Figure 6. ICFIFO internal structure in  $NoC^2$ .

## A. Experiment

Our experiment involved two NoC-based systems, NoC0 and NoC1, which were interconnected via Ethernet. One end is a NoC-based system running on Artix-7 [29] FPGA and the other end is a simulation software running on PC. Each PE CPU is running at 16 MHz.

#### B. Experiment Environment

In our experiment, both NoC-based systems have 2x3 2D mesh topologies, XY routing, and a 4-byte payload. The software running on each PE on both NoC-based systems sends a message to other three PEs. The PE destinations are randomly selected from the PE pool across the two NoC-based systems. PE ID to grid mapping follows this



Figure 7. An example of egress traffic path.

equation:

$$ID = (NoC\_id * X_{dim} * Y_{dim}) + (x + y * Y_{dim})$$
(1)

In Equation (1), *NoC\_id* is the ID of the NoC-based system in the network,  $X_{dim}$  and  $X_{dim}$  are the size of the NoC-based system with ID = *NoC\_id*, and *x* and *y* are location of the PE in this particular NoC-based system.
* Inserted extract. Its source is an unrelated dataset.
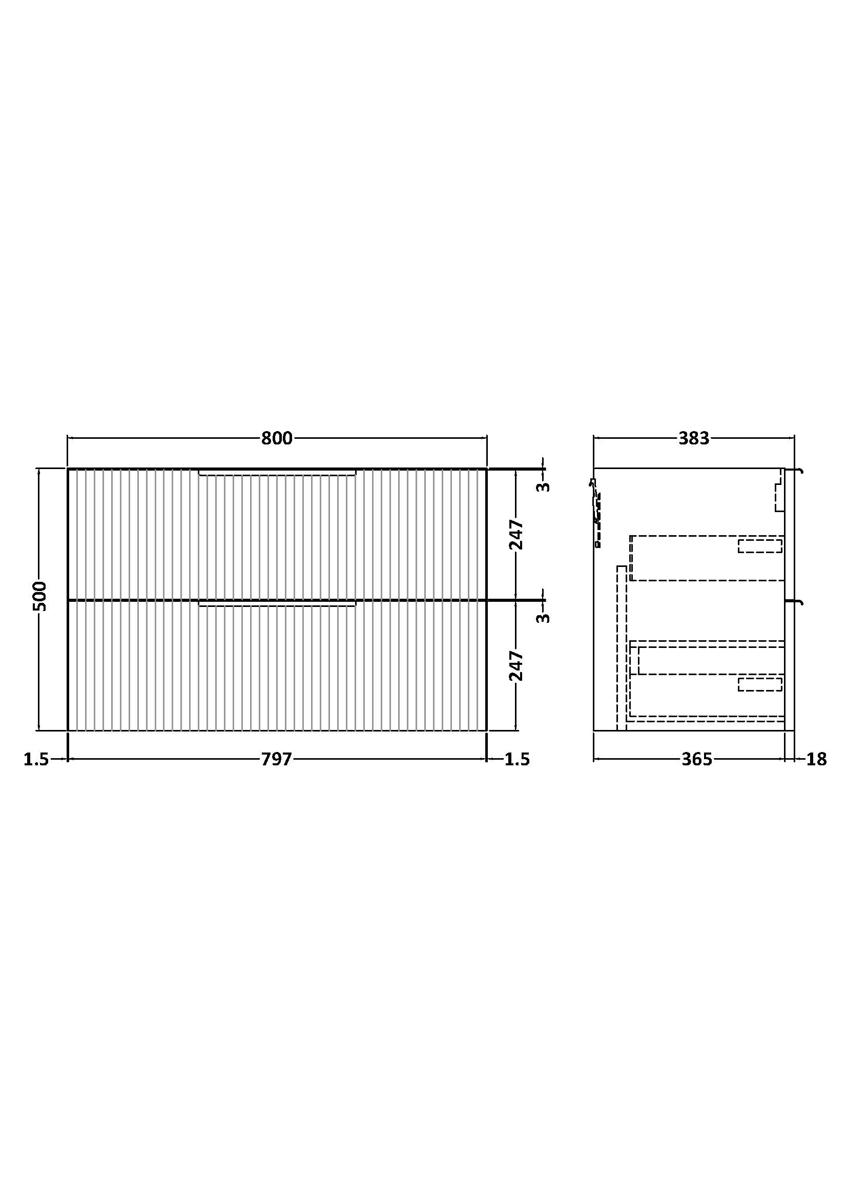 Fluted 800mm Wall Hung 2-Drawer Unit

The software running on PEs controls the Packet Injection Rate (PIR). The PIR rate represents how many packets a PE generates per second. In our test, each packet consists of three flits. So, each PE triggers three NI transmissions per packet. PIR followed the normal distribution. Therefore, half of the PEs in any system are communicating to PEs in the other NoC-based system via inter-NoC traffic at any given time. We tested with PIR rates at 1, 50, 100, 200, 400, 500, and 1000 packet/second per PE node.

226



Figure 8. An example of ingress traffic path.
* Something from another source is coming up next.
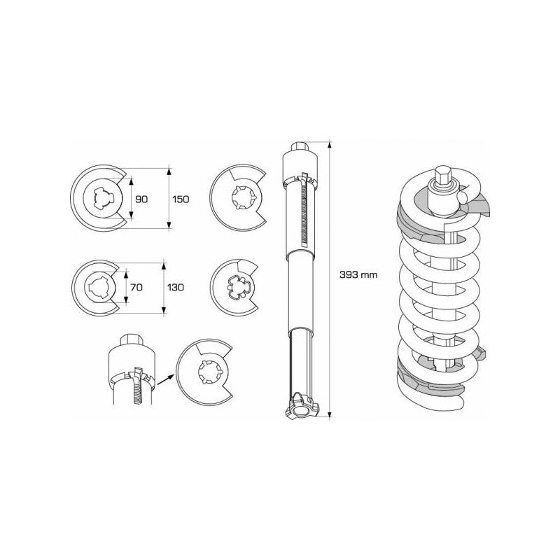 Dieser Federspanner ermöglicht den sicheren und effizienten Aus- und Einbau von Stoßdämpferfedern an Vorder- und Hinterachsen. Mit einer maximalen Druckkraft von 2500 kg und einem Arbeitsbereich von 110 mm bis 280 mm ist er für eine Vielzahl von Fahrzeugmodellen geeignet

Ethernet packets are captured and analyzed using Wireshark [30]. Wireshark is a network sniffing and analysis tool which we used to asses the Ethernet link throughput and packet latency. Wireshark statistics provide various information about the captured packets, like average packets captured per second (Pbs), total number of bytes captured and average throughput in Megabit per second (Mbps). Figure 9 shows an example of statistics generated by Wireshark. In this example, it is shown that the average Pbs is 1313. We use the Pbs information to asses ICFIFO performance, by plotting it against PIR.

## C. NoC<sup>2</sup>-based System Implementation

This section explains how we implemented  $NoC^2$  components on FPGA: the PE node and the ICFIFO node.
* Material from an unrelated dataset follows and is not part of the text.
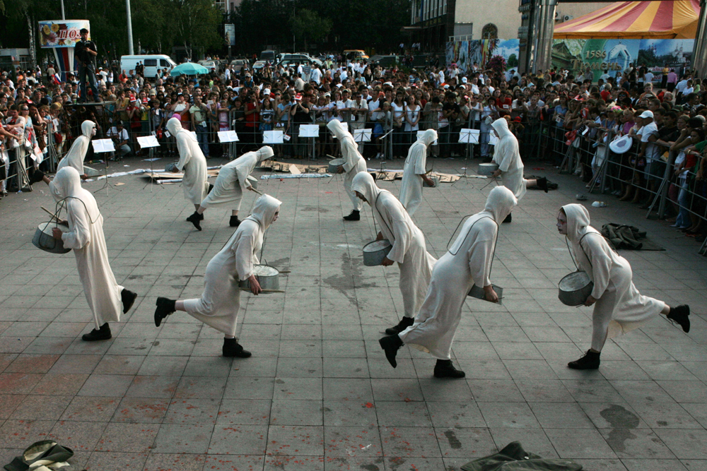 Описание: Авторский спектакль Виктора Панова. Нам дано увидеть убогое и поверженное человечество, жалкую толпу под сапогом гротескной тирании. Белые, безликие силуэты... Пересекаются, не замечая друг друга... И появляется зло во всем своем метафизическом ужасе. И наступает царство разрушения. А тем временем «Болеро» Равеля продолжает крещендо свою невозмутимую музыку... И есть во всем этом что-то глубоко потрясающее.

## 1) PE Node Implementation

The PE node implementation is based on the open source Wishbone bus [31]. The Wishbone bus interconnects an AEMB processor [32], a single-port RAM block, a generalpurpose input/output (GPIO) block, an interrupt controller (Int.), and an NI block. Figure 10 shows a diagram of the PE node implementation.

#### 2) NI Implementation

Besides the basic NI functionality, we added the *PETN* register so that each NI in the system can decide if a flit is intended for intra-NoC or inter-NoC.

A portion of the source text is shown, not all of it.